# [What this task involves]
Lines before the one containing "Rep. Randall Friese (D-9)" are not copied; that line and every one after it, through the end of the material below, are printed exactly, without pictures.

# [Source material]
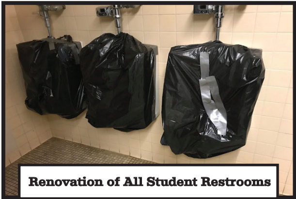
Renovation of All Student Restrooms
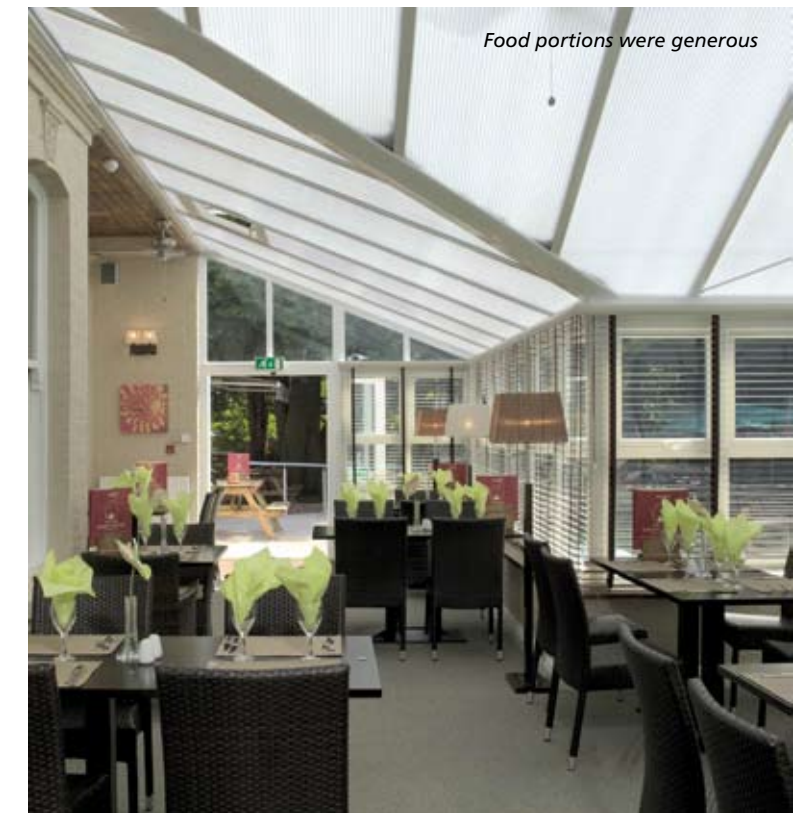
Food portions were generous
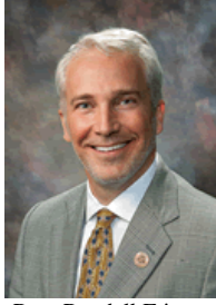
Rep. Randall Friese (D-9)
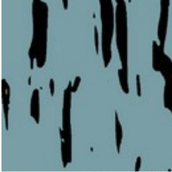
09851.119 LIGHT TURQUOISE

# [Your solution]
Rep. Randall Friese (D-9)
09851.119 LIGHT TURQUOISE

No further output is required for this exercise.